> **WHAT YOU NEED TO DO**
From the first line of the listing below, retype each line up to and including the one with "見た目は柔らかいのにガラスで"; pictures stay out.

> **SOURCE MATERIAL**
◇ ◇ ◇ ◇ ◇
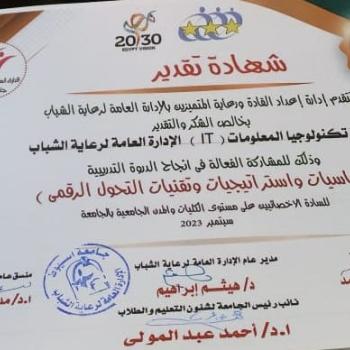 شهادة تقدير مقدمة الى وحدة تكنولوجيا المعلومات I.T رعاية الشباب المركزية
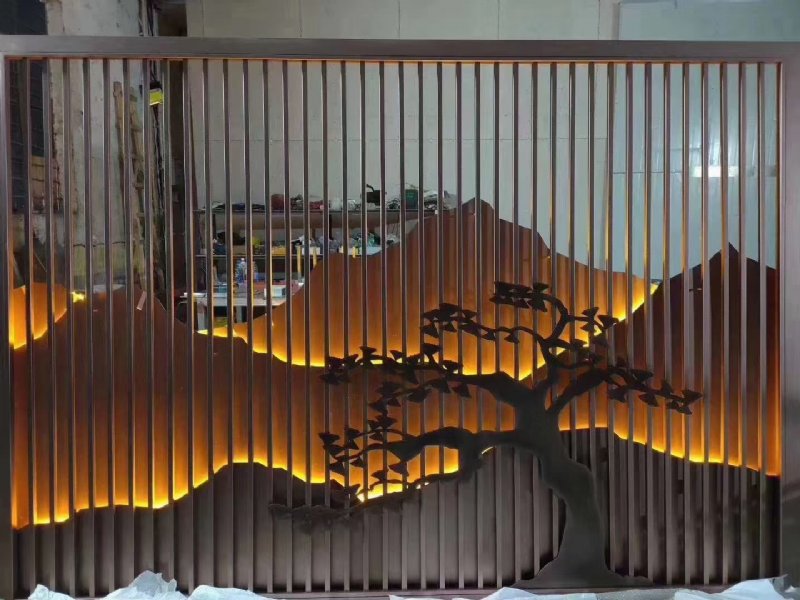 不锈钢屏风隔断新中式假山轻奢定制山水镂空雕花工艺背景墙玄关画
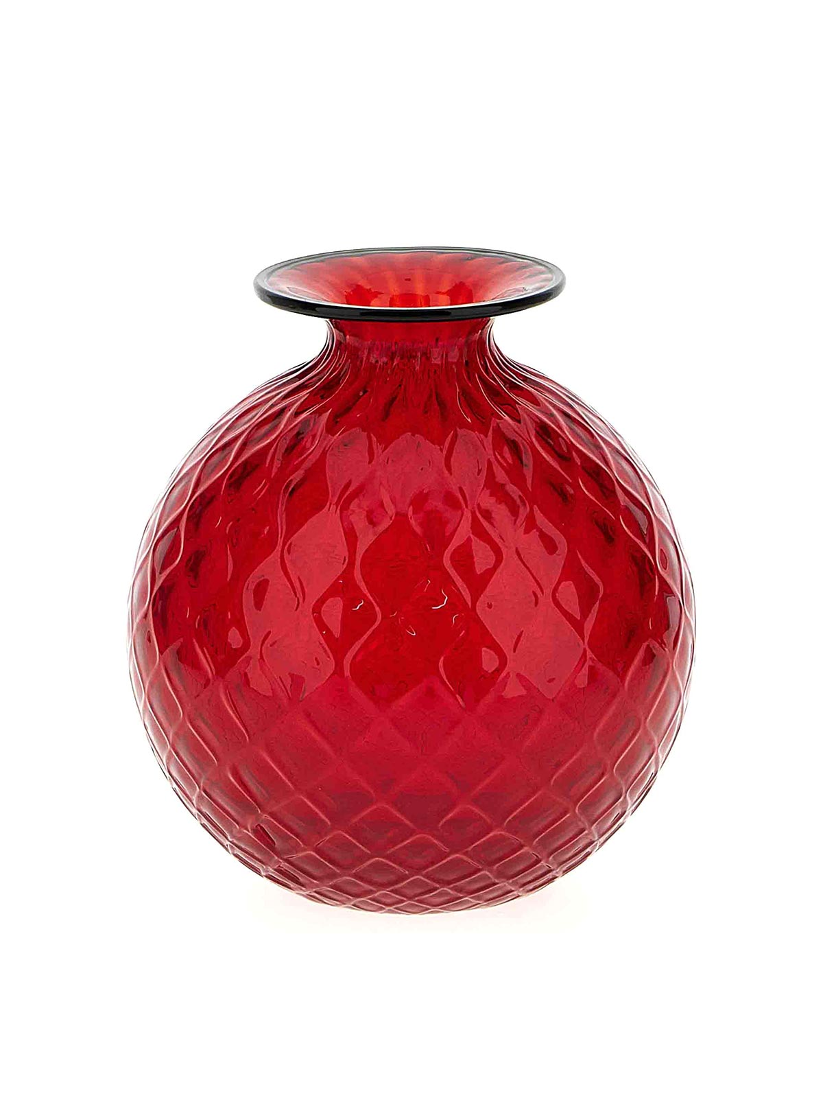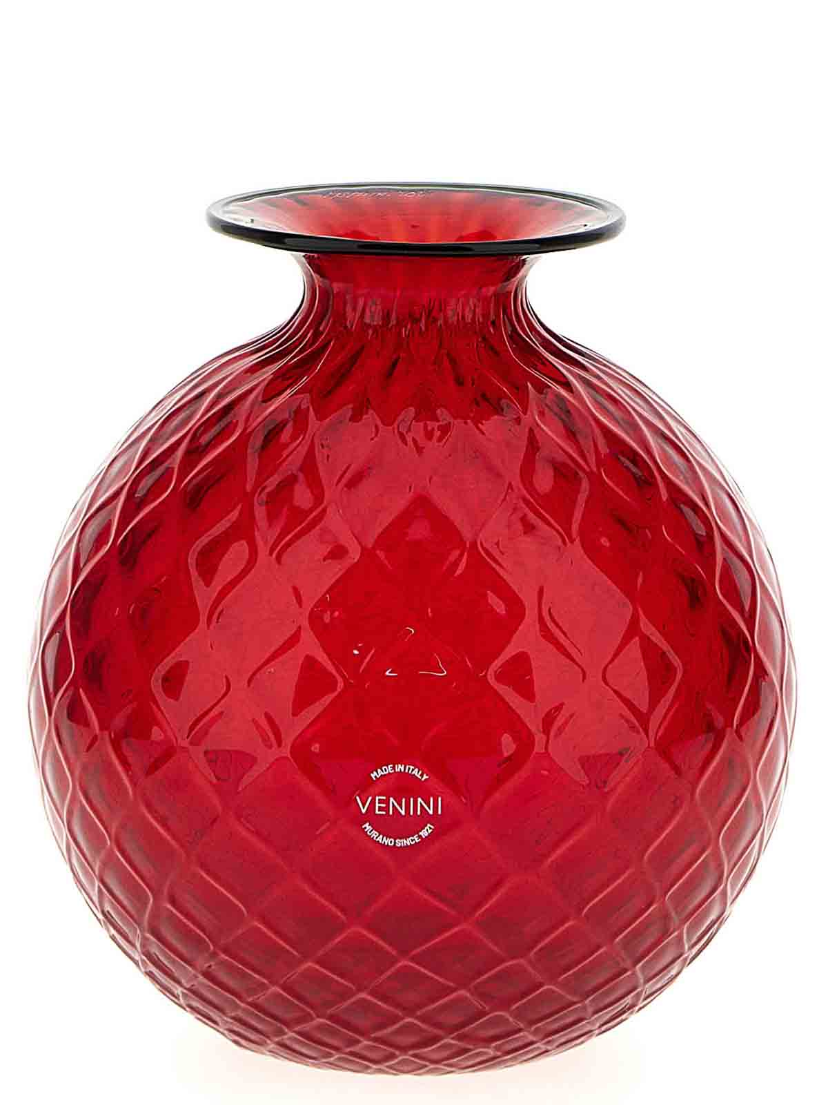 見た目は柔らかいのにガラスです。ヴェニーニの1970年のモノフィオリの目の錯覚は、その名のとおり、表面にキルトのような効果を再現するユニークなプロセスであるバルーンです。作品は手作りで、特徴的な金型で吹き付けられ、色の異なる色の糸を熱く塗って細いネックに仕上げています。
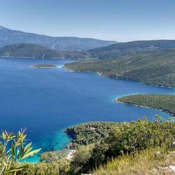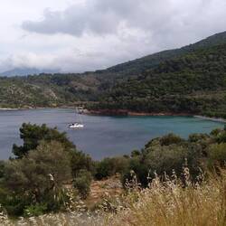 Die Tasse Kaffee entwickelt sich zu einer ausgiebigen Unterhaltung mit diesem freundlichen und faszinierenden Mann. Sein Englisch hat er aus sieben Jahren Arbeit in Australien mitgebracht, leider nicht gut - nach seinen Worten, wir sahen es anders -weil er immer mit Griechen zusammengearbeitet hat. Schwere Arbeit, am Bau, aber gutes Geld. Er erzählt von den Umständen dort, von seinen Kindern und Enkelkindern, von seiner im letzten Jahr verstorbenen Frau, und man merkt ihm den Schmerz noch immer an. Er hat immer gern getanzt, jetzt nicht mehr. Er stellt sich vor als Johnny und ist beeindruckende 95 Jahre alt. Wir laden ihn auf einen Ouzo ein (auch am Vormittag kein Problem 😎) und plaudern weiter. Schließlich will er uns noch sein Dorf zeigen. Zielstrebig führt er uns zur ältesten Kirche, nur noch eine Turmspitze eigentlich, und dann zu seinem Lieblingsausblick über die Berghänge am Dorfrand. Die vielen verschiedenen Baumarten haben es ihm besonders angetan.
◇ ◇ ◇ ◇ ◇
> **ANSWER TO THIS PROBLEM**
 شهادة تقدير مقدمة الى وحدة تكنولوجيا المعلومات I.T رعاية الشباب المركزية
 不锈钢屏风隔断新中式假山轻奢定制山水镂空雕花工艺背景墙玄关画
 見た目は柔らかいのにガラスです。ヴェニーニの1970年のモノフィオリの目の錯覚は、その名のとおり、表面にキルトのような効果を再現するユニークなプロセスであるバルーンです。作品は手作りで、特徴的な金型で吹き付けられ、色の異なる色の糸を熱く塗って細いネックに仕上げています。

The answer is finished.